> [PROBLEM REQUIREMENTS]:
Transcribe exactly, leaving out pictures, the lines from the one that holds "vintage metal bicycle" through the end of the data below, including both end lines and no others.
STORED DATA Start Marker
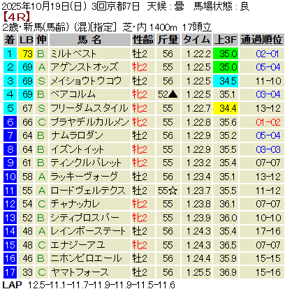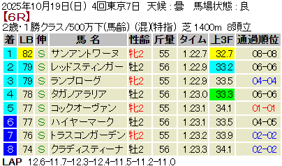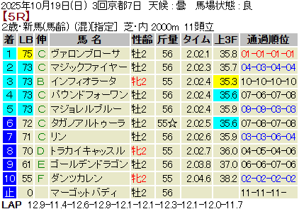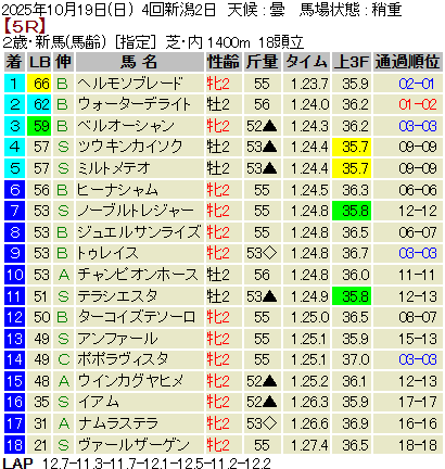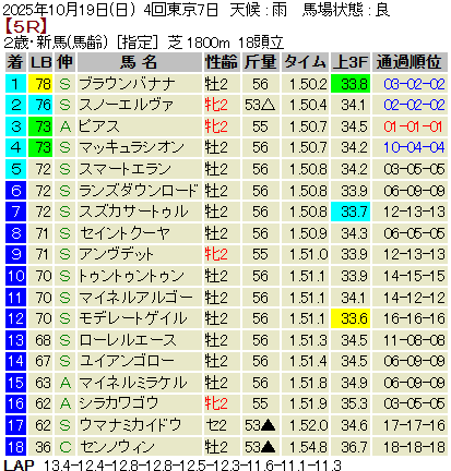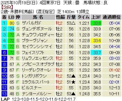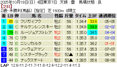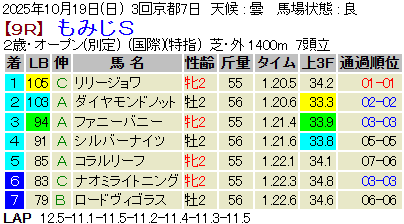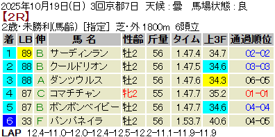 【LB指数レポート】2025/10/19 [もみじS]リリージョワ [2歳1勝C]サンアントワーヌ [2歳新馬]ヴァロンブローサ・ブラウンバナナ・ヘルモソブレード・ミルトベスト [2歳未勝利]ザバルガド・サーディンラン・フジガイフウ・ステラスペース
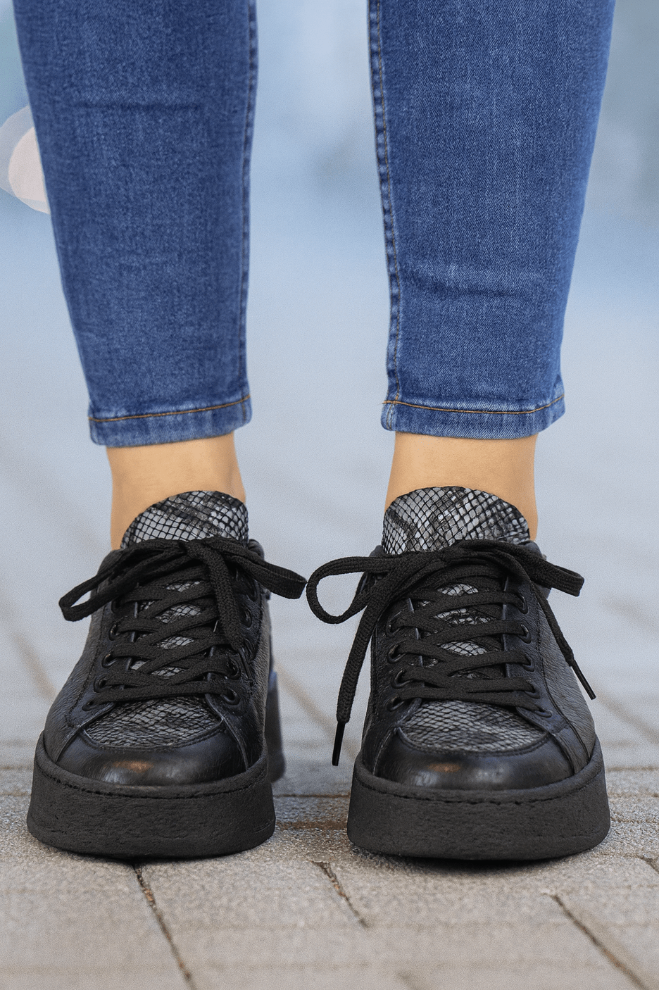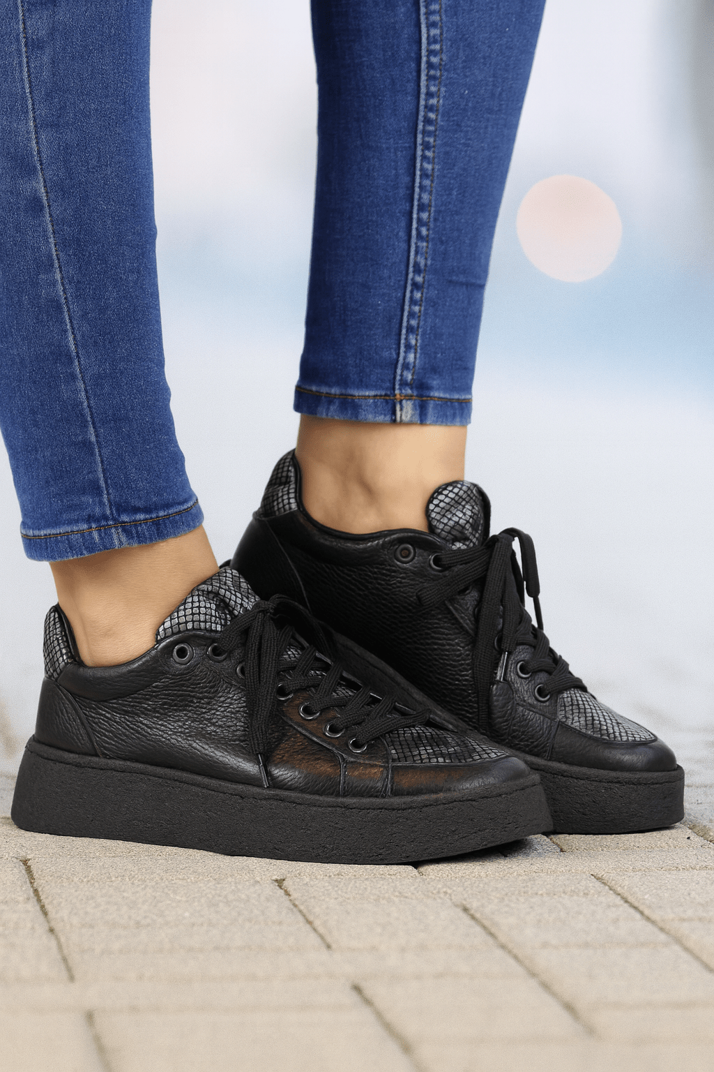 Alege un look modern și confortabil cu acești pantofi sport din piele naturală neagră, perfecți pentru outfiturile casual sau street style. Designul este completat de inserțiile elegante cu textură tip șarpe și de talpa înaltă care oferă un plus de stil și stabilitate.
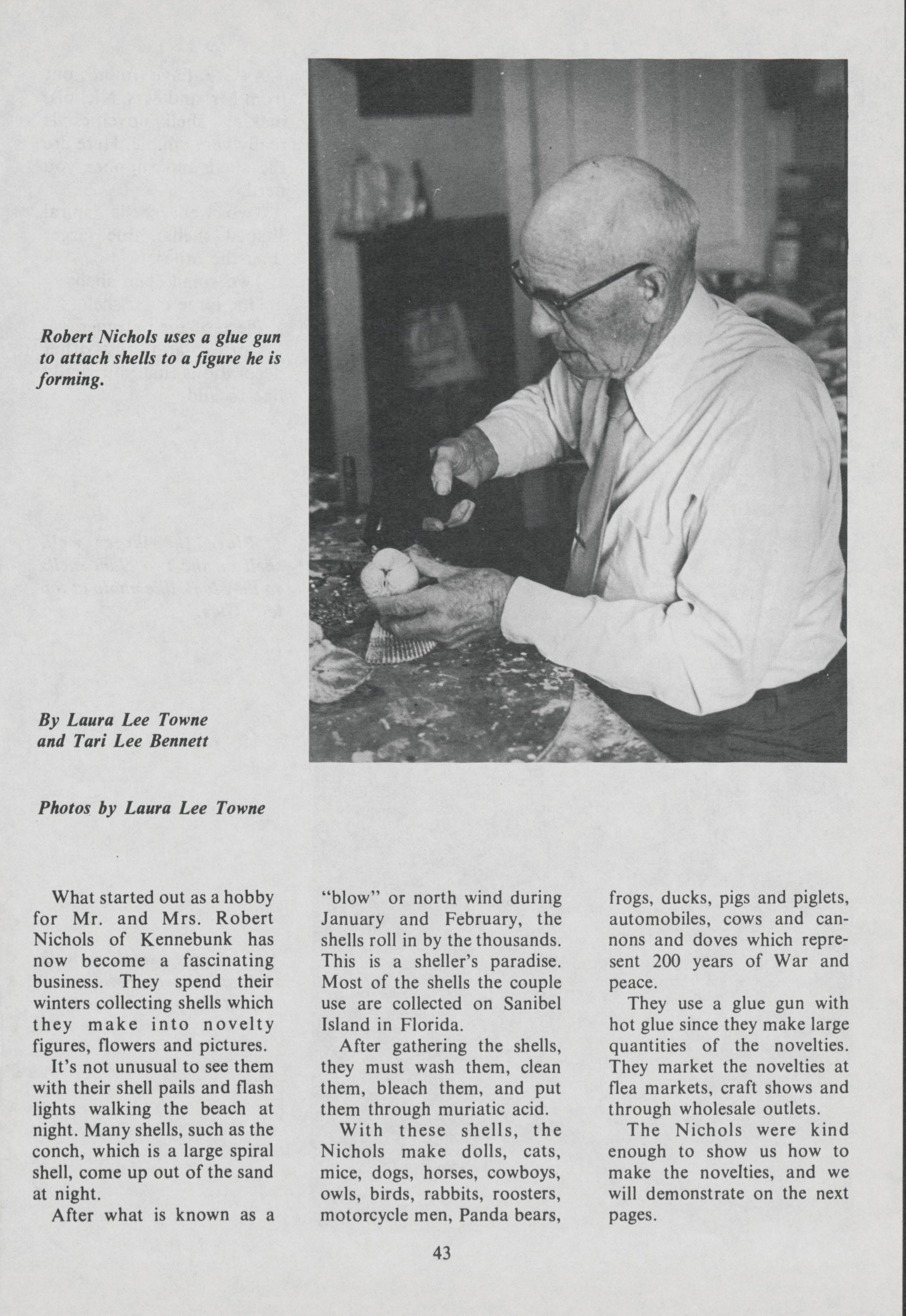 Starting off as a hobby for Mr. and Mrs. Robert Nichols, creating art with shells has become a business. Laura Lee Towne and Tari Lee Bennett speak to the Nichols' about their craft work to make figures with shells.
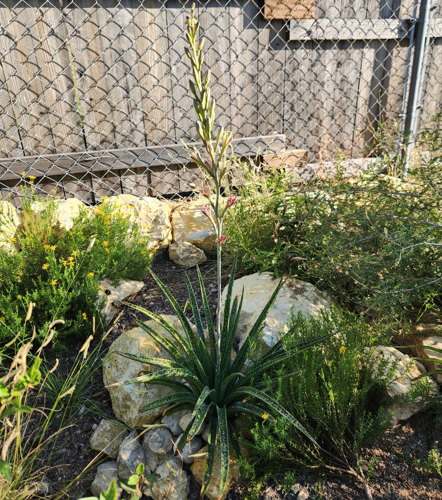 Texas Tuberose has fleshy leaves, somewhat akin to aloe leaves, that have irregular maroon spots. The flowers are creamy white to light pink, and age to a deep rose, and are fragrant. It needs well-draining soil and does best with some summer watering. It appreciates a light shade, especially during the hottest part of the day.
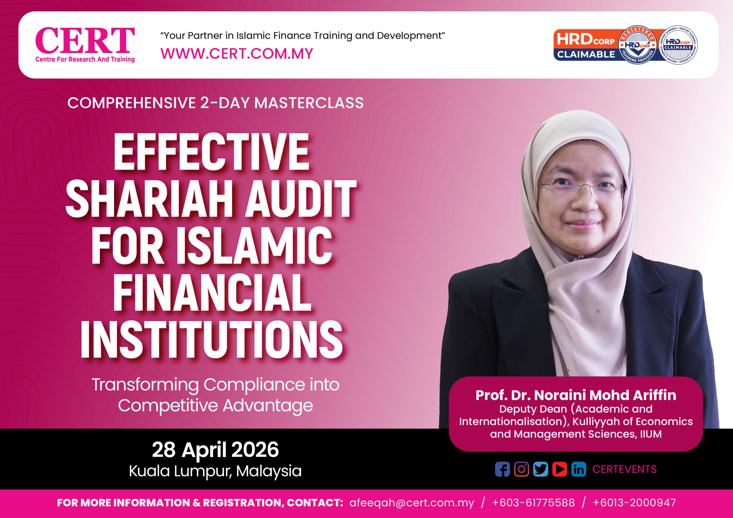 This Comprehensive 1-Day Masterclass is titled “Effective Shariah Audit for Islamic Financial Institutions: Transforming Compliance into Competitive Advantage.”
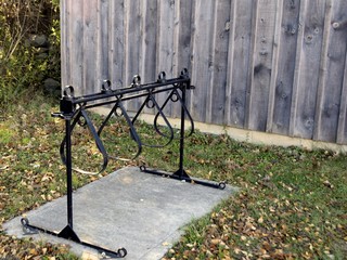 vintage metal bicycle rack on a concrete foundation near a wooden wall
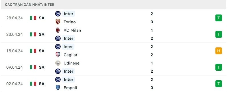 Phong độ gần đây Sassuolo vs Inter Milan
STORED DATA End Marker
> [SOLVED PROBLEM]:
 vintage metal bicycle rack on a concrete foundation near a wooden wall
 Phong độ gần đây Sassuolo vs Inter Milan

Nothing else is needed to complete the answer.